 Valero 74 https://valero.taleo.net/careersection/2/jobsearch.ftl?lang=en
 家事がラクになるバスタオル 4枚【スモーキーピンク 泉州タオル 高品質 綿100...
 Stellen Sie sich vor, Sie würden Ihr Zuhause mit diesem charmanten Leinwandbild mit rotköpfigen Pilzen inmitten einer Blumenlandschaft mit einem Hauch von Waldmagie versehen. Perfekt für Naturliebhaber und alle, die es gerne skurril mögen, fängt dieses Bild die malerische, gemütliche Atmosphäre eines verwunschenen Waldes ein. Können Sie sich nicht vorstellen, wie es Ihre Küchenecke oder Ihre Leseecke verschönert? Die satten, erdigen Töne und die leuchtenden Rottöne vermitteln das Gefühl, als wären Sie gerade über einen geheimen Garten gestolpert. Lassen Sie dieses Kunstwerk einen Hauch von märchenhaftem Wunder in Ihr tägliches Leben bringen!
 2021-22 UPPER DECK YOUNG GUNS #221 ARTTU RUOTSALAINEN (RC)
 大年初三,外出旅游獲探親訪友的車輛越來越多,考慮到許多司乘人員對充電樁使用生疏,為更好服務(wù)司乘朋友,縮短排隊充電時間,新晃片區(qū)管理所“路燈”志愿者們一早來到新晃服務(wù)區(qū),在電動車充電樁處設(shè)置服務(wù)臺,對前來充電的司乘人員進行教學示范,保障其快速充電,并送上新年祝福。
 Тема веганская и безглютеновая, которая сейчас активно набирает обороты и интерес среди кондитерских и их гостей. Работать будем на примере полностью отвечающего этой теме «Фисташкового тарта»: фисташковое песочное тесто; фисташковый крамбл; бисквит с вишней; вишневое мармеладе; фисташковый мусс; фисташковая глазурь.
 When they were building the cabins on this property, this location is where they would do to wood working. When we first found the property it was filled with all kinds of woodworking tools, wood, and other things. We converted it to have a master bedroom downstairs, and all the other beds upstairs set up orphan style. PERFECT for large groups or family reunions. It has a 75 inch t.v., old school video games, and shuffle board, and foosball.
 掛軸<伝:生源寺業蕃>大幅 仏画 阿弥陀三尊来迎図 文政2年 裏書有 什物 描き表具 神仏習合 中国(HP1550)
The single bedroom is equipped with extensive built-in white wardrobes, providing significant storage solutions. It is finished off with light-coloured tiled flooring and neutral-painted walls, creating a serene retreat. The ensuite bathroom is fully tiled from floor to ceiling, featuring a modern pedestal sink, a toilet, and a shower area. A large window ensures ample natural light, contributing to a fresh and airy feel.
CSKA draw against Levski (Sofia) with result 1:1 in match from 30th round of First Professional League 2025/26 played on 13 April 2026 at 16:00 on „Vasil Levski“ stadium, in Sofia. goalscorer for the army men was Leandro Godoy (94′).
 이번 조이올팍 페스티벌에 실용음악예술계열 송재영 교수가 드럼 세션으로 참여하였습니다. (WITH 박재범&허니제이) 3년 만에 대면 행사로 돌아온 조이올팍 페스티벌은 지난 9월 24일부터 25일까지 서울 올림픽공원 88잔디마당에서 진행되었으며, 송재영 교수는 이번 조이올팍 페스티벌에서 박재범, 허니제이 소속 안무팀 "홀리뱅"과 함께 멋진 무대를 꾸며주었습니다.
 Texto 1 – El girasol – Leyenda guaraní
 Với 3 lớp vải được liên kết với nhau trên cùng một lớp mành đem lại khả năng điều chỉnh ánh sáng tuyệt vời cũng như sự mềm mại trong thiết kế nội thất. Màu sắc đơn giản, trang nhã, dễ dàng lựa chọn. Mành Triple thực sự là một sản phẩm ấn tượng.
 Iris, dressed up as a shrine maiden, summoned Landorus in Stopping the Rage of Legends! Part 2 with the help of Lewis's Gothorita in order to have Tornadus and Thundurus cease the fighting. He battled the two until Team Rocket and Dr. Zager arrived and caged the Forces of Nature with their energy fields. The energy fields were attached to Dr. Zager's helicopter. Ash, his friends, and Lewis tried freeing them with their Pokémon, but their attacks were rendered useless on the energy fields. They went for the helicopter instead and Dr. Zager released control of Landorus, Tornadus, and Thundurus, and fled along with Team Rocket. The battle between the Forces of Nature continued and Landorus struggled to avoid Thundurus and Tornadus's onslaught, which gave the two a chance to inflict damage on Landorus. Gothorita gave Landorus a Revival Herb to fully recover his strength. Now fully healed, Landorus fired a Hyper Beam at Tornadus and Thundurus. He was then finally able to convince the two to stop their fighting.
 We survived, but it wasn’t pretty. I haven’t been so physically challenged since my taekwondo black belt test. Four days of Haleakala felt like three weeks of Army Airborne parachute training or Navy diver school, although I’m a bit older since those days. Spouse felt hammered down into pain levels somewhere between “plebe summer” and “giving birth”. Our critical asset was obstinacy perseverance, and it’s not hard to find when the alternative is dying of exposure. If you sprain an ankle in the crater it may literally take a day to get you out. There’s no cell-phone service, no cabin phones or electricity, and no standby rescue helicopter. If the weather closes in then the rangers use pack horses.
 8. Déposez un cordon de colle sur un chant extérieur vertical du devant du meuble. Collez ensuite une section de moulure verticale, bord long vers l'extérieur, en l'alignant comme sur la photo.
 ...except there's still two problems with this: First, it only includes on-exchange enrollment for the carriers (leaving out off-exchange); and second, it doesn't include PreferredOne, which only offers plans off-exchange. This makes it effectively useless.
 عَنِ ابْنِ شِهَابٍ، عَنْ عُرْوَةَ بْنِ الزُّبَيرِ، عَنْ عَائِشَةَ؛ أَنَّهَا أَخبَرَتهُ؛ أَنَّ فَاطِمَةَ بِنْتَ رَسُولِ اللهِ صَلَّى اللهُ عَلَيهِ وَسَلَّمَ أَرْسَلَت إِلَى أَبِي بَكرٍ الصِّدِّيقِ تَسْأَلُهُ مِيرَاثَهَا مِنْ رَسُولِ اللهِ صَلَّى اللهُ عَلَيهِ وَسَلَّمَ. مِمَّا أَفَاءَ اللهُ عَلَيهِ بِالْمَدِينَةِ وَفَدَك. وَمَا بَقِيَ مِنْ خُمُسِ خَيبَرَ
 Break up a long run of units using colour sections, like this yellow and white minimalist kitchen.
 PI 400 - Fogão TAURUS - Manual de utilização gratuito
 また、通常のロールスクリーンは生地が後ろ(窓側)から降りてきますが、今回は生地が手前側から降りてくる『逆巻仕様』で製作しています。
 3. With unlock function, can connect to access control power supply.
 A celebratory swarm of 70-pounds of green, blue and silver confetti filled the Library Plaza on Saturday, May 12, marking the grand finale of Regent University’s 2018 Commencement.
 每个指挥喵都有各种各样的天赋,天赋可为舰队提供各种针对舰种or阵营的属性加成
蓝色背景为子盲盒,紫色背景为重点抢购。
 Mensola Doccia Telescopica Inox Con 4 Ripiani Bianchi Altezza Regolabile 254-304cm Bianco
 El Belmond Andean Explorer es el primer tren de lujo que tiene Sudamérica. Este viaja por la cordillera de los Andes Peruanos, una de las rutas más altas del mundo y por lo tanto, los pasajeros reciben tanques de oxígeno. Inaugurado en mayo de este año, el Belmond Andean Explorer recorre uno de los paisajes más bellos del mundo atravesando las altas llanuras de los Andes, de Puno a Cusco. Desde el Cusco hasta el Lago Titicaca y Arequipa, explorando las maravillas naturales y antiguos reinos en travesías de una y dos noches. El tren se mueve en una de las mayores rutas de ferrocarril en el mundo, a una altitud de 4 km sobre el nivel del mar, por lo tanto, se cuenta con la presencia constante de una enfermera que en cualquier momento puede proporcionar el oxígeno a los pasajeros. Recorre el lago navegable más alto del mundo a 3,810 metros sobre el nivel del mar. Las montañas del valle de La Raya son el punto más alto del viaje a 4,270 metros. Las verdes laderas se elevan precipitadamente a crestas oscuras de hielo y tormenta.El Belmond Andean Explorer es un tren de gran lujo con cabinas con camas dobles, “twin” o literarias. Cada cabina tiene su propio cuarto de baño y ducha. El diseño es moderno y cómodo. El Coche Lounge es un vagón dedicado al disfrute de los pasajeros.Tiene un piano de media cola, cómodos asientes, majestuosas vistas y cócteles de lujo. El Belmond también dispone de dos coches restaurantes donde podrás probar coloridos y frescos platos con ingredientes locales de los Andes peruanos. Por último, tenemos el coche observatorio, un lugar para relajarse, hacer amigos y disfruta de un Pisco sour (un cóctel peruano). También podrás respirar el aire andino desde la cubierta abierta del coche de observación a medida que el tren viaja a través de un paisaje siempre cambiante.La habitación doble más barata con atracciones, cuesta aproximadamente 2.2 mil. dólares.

## Required action
What the task asks for is a word-for-word repeat of the lines above, from the first through the one containing "大年初三,外出旅游獲探親訪友".

## Result for this exercise
 Valero 74 https://valero.taleo.net/careersection/2/jobsearch.ftl?lang=en
 家事がラクになるバスタオル 4枚【スモーキーピンク 泉州タオル 高品質 綿100...
 Stellen Sie sich vor, Sie würden Ihr Zuhause mit diesem charmanten Leinwandbild mit rotköpfigen Pilzen inmitten einer Blumenlandschaft mit einem Hauch von Waldmagie versehen. Perfekt für Naturliebhaber und alle, die es gerne skurril mögen, fängt dieses Bild die malerische, gemütliche Atmosphäre eines verwunschenen Waldes ein. Können Sie sich nicht vorstellen, wie es Ihre Küchenecke oder Ihre Leseecke verschönert? Die satten, erdigen Töne und die leuchtenden Rottöne vermitteln das Gefühl, als wären Sie gerade über einen geheimen Garten gestolpert. Lassen Sie dieses Kunstwerk einen Hauch von märchenhaftem Wunder in Ihr tägliches Leben bringen!
 2021-22 UPPER DECK YOUNG GUNS #221 ARTTU RUOTSALAINEN (RC)
 大年初三,外出旅游獲探親訪友的車輛越來越多,考慮到許多司乘人員對充電樁使用生疏,為更好服務(wù)司乘朋友,縮短排隊充電時間,新晃片區(qū)管理所“路燈”志愿者們一早來到新晃服務(wù)區(qū),在電動車充電樁處設(shè)置服務(wù)臺,對前來充電的司乘人員進行教學示范,保障其快速充電,并送上新年祝福。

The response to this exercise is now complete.